Sen. Mike Lee of Utah, the top-ranking Republican of the Senate antitrust subcommittee, was feted by an AT&T lobbyist. (Photo credit: U.S. Congress via GitHub)

Plenty of money and influence will be at the table Tuesday when the CEOs of AT&T and DirecTV appear at back-to-back hearings before two congressional subcommittees reviewing the anti-trust implications of the proposed merger between the two corporate giants.

The first hearing will be on the House side. Later, most of the same cast of characters will testify before a Senate panel.

So it’s a good time to review some of the considerations that might be in the back of lawmakers’ minds at they consider the merger, including their time spent with the companies’ lobbyists.

AT&T and DirecTV lobbyists we identified earlier as holding fundraisers for members of Congress helped members of the Judiciary Committee, according to records in Sunlight’s Political Party Time.

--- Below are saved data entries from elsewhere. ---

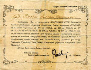 — Да что я понимал тогда, в семнадцать лет? Глупый был. Никакого осмысления не было, да и не до этого там. Знай только, что дадут тебе сухарик, и пойдешь в бой. Ботинки худые, а нам говорят, вот сейчас, мол, город возьмем, и выбирай любые, любой трофей. Из торфяных болот пили. Вода грязная: и мухи, и чего только нет — тряпочку подставишь и пьешь через нее. Очень хотелось живым остаться. Ну, пусть руку оторвет, ногу оторвет, но чтобы прийти домой. А больше ни о чем не страдали. Война есть война.
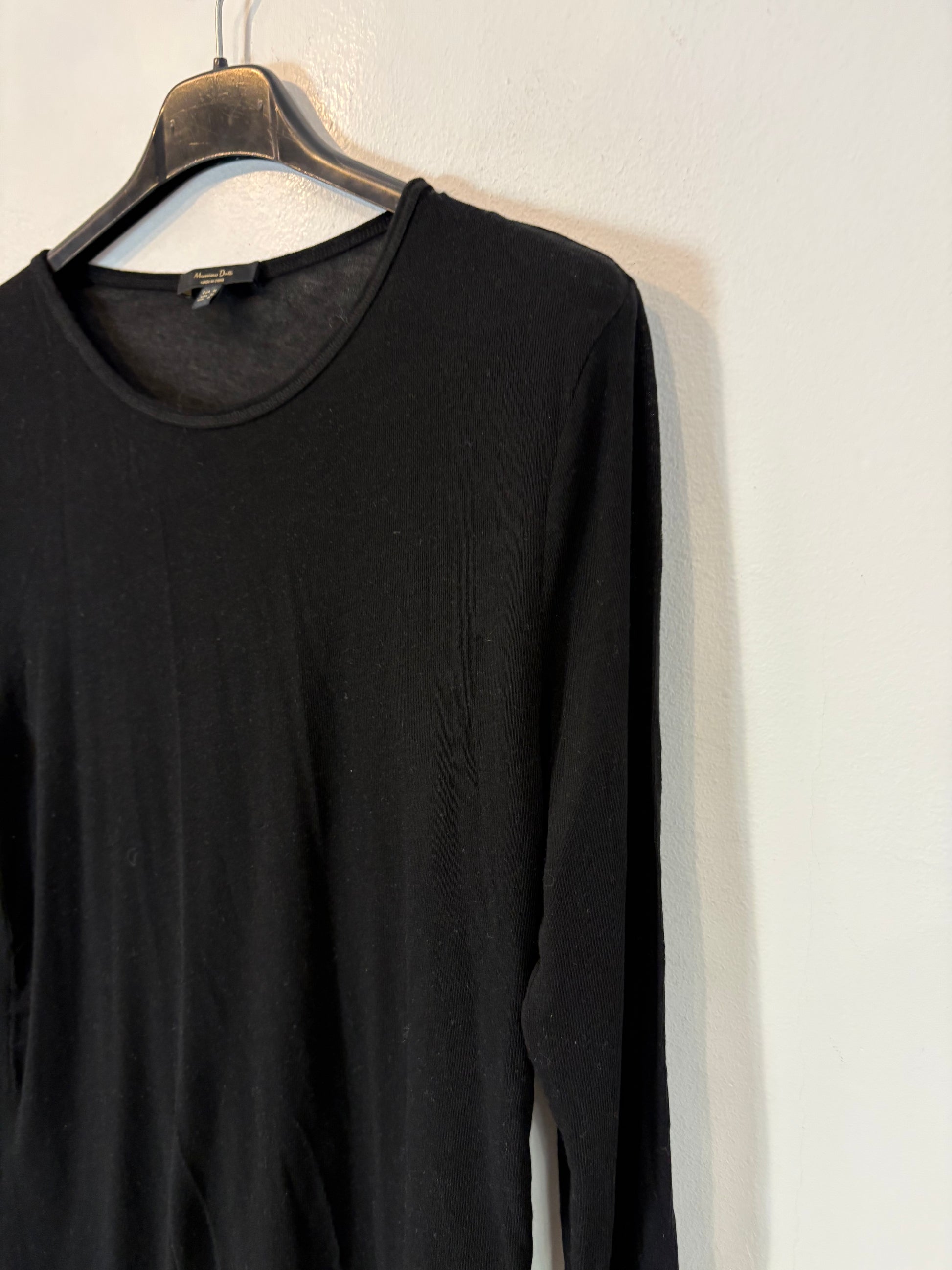 MASSIMO DUTTI. Top negro manga larga con lana. T M
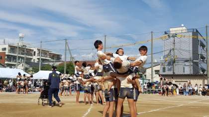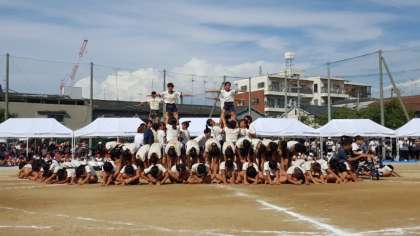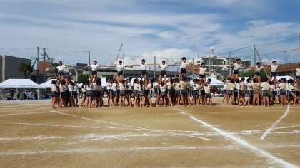 競技・演技の最後を飾るのは5・6年生による組体操「君という名の翼で名〜仲間を信じ乗り越えよう〜」。
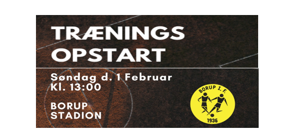 Træningsopstart i Borup IF søndag den 1. februar 2026, kl. 1300. Se opslag på vores hjemmeside.
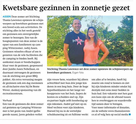 Als extra verrassing mogen de gezinnen ook een dag zwemmen en all-inclusive eten bij De Bonte Wever, dankzij een gulle sponsoring van dit recreatiecentrum. De Bonte Wever heeft al vaker succesvol samengewerkt met Stichting Thania Lawrence en draagt graag bij aan de maatschappij.
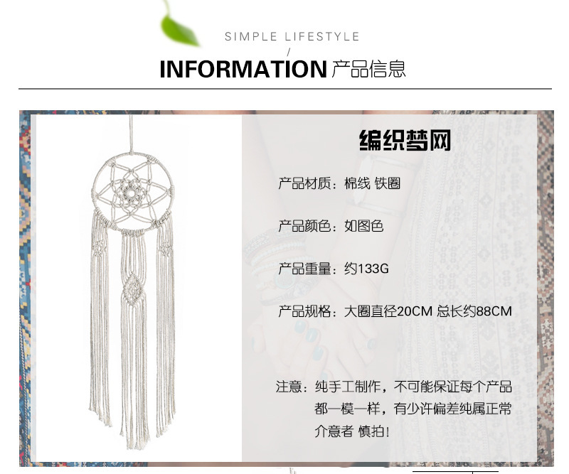 Cross-Border Supplier Nordic Style Home Wall Decoration Tapestry Hand-Woven Bohemian Wall Decoration Dreamcatcher Gt006 中文版
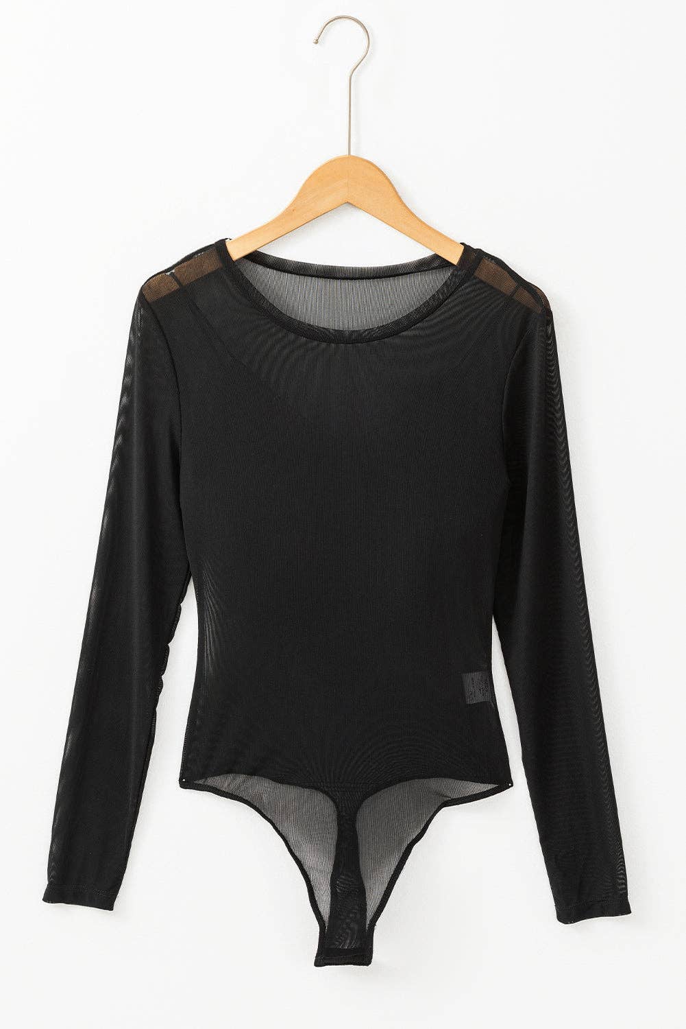 Black Mesh Long Sleeve Slim Fit Bodysuit
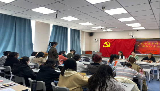 最后,殷春兰同志表示,此次会议紧扣主题,内容全面具体,各位党员的发言也都深刻认真,并向各位党员提出了建议,希望各位党员在之后的生活中,不仅仅要学好理论的知识,还要加强提升自身的能力。李梅菊同志表示,本次会议开展质量高,建议要重视党员互评环节,作为样板党支部要为整个本科生支部做表率、树立标杆。二位同志发言结束后,党支部书记刘洋同志进行总结发言,接受以上的建议,对支部发展提出展望,之后的工作要落到实处,积极改正存在的不足,要起到带头引领的作用。
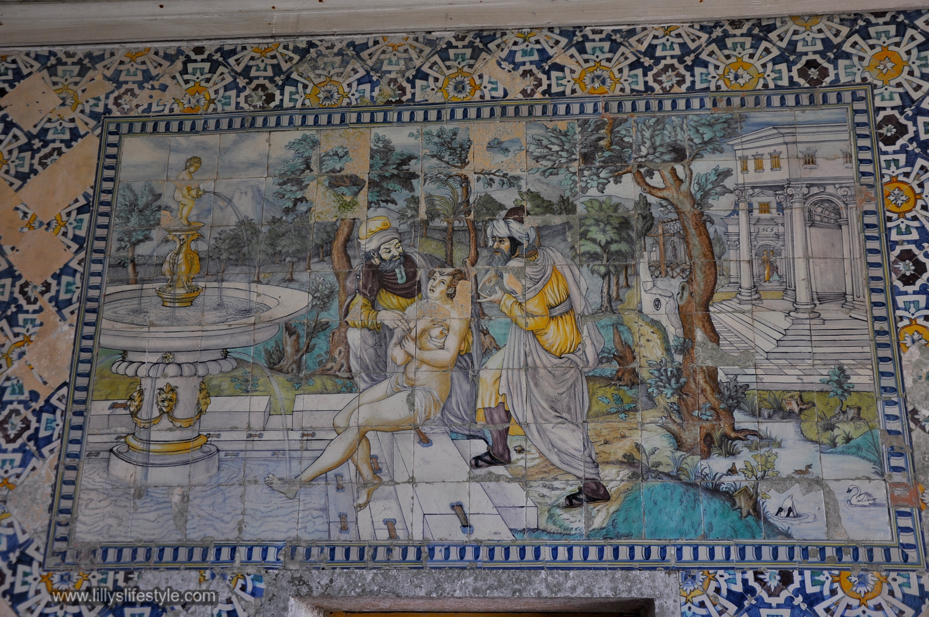 Si noti il pannello d’ispirazione fiorentina raffigurante Susanna e i vecchioni (1565), considerato il più antico pannello figurativo del Portogallo; e fonte d’ispirazione per la scena del film della giovane donna che nuota nuda nelle acque del palazzo.
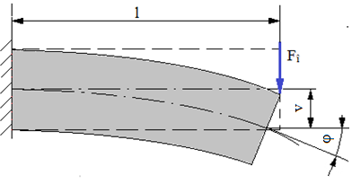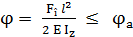 l [mm] – lungimea barei; v [mm] – deplasarea (săgeta) la încovoiere; φ [rad] – rotirea la încovoiere; va [mm] – deplasarea (săgeta) la încovoiere admisibilă; φa [rad] – rotirea la încovoiere admisibilă; Fî [N] – forţa de încovoiere; Iz [mm4] – momentul de inerţie axial;

For example, DirecTV’s Andrew Athy cohosted a “rooftop reception” in 2012 for Sen. Sheldon Whitehouse, D-R.I.

AT&T’s Bryan Cunningham co-hosted a 2011 dinner for Jeff Flake, R-Ariz., when he was looking to move from the House to the Senate and, the same year, a “debt retirement dinner” for Mike Lee, R-Utah. Both Republicans serve on the antitrust subcommittee that will be hearing from AT&T’s Stephenson. Lee is the panel’s top-ranking Republican.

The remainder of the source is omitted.